Chapter 4 Homework 4

4.1 Problem 1 NBC Pilot Survey

4.1.1 Part A

Question: Does either “Living with Ed” or “My Name is Earl” make audiences happier than the other one?

Approach: I will use t-test to check if the mean of “happy” scores for “Living with Ed” and “My Name is Earl” have any difference. Thus, in this case, the null hypothesis is the mean difference to be 0, which indicates that they do not have any difference in terms of their means of happy “score”.

Results:

## 
##  Welch Two Sample t-test
## 
## data:  ed$Q1_Happy and earl$Q1_Happy
## t = 1.1676, df = 162.57, p-value = 0.2447
## alternative hypothesis: true difference in means is not equal to 0
## 95 percent confidence interval:
##  -0.1030341  0.4011371
## sample estimates:
## mean of x mean of y 
##  3.926829  3.777778

Conclusion: From the t test summary above, we can see 0 is in the 95% confidence interval. Thus, we fail to reject the null hypothesis here. Therefore, I conclude that there is not a significant evidence showing either “Living with Ed” or “My Name is Earl” is more funny than the other one.

4.1.2 Part B

Question: Is either “The Biggest Loser” or “The Apprentice: Los Angeles” more annoying than the other one?

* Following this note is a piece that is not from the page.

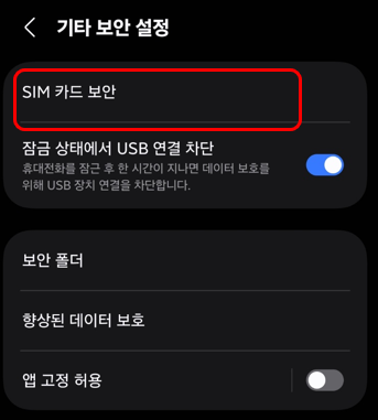이 곳에서 SIM카드 보안 메뉴에서 설정이 가능한데요.
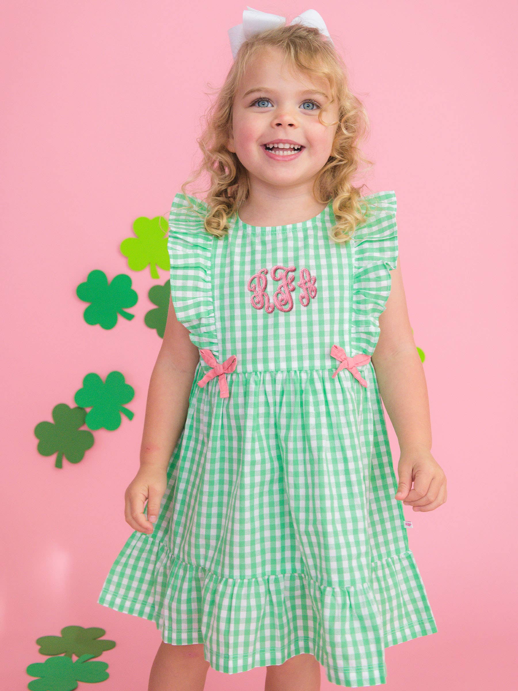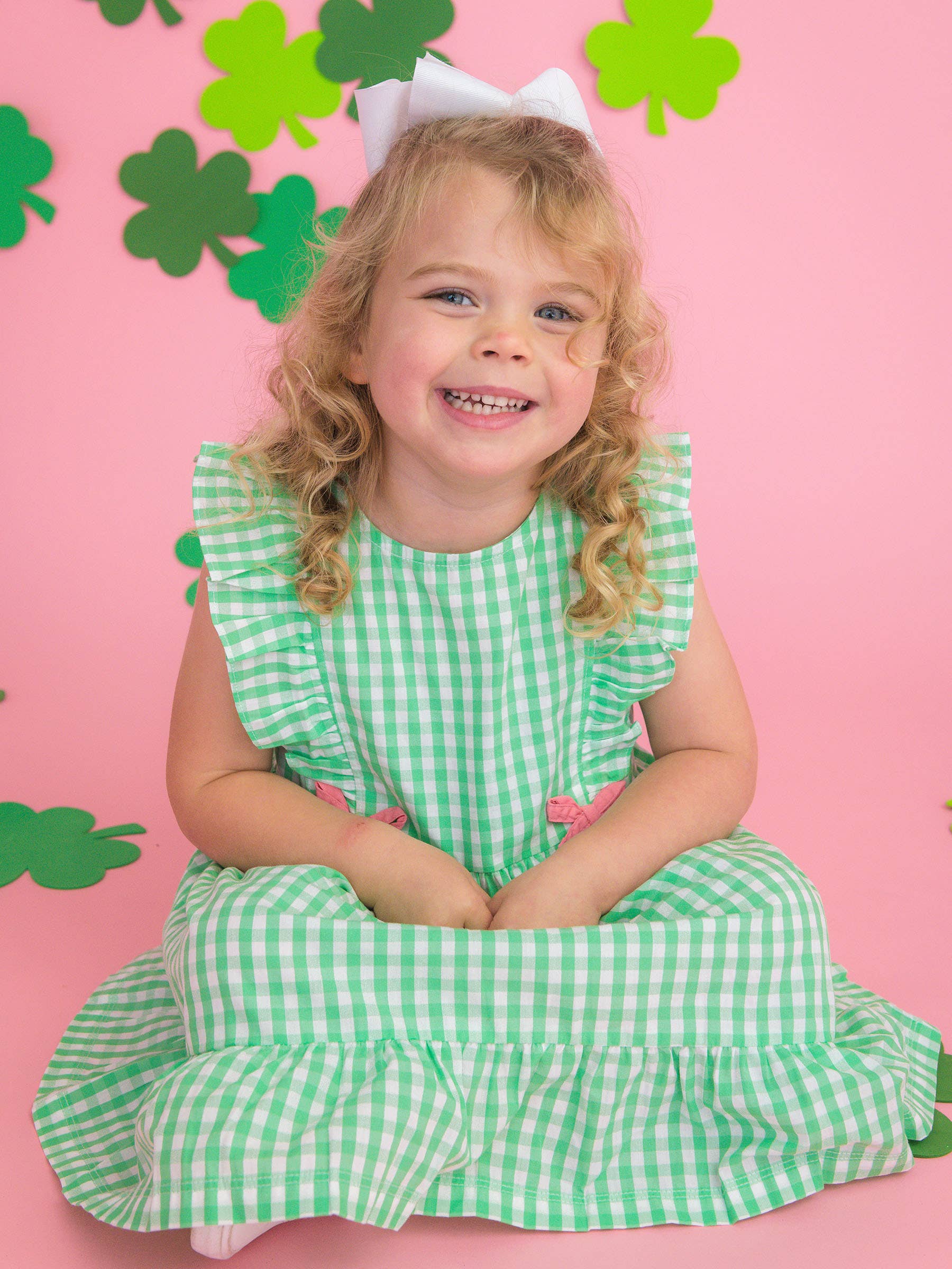 The classic gingham is bright and sweet, perfect for the whole family. Pairs well with Spring Bud Green, Pink, White, Clover Bows & Wishes, Clover Field.

Approach: Likewise, I am going to use t-test to check if they have any difference in terms of the mean of “annoyed” scores. Therefore, the null hypothesis is the mean difference to be 0, which suggests that they have no difference on the mean of “annoyed” scores.

Results:

## 
##  Welch Two Sample t-test
## 
## data:  loser$Q1_Annoyed and la$Q1_Annoyed
## t = -2.1032, df = 300.66, p-value = 0.03628
## alternative hypothesis: true difference in means is not equal to 0
## 95 percent confidence interval:
##  -0.52455614 -0.01743792
## sample estimates:
## mean of x mean of y 
##  2.036232  2.307229

Conclusion: From the t test summary above, we can see the 95% confident interval doesn’t contain 0, which means our null hypothesis has to be rejected, so they really have difference in annoying level. To be more specific, The “Apprentice: Los Angeles” is more annoying than “The Biggest Loser”, because it has higher average “annoyed” score.

4.1.3 Part C

Question: As we expect, what proportion of American TV audiences would think “Dancing with the Stars” is confusing?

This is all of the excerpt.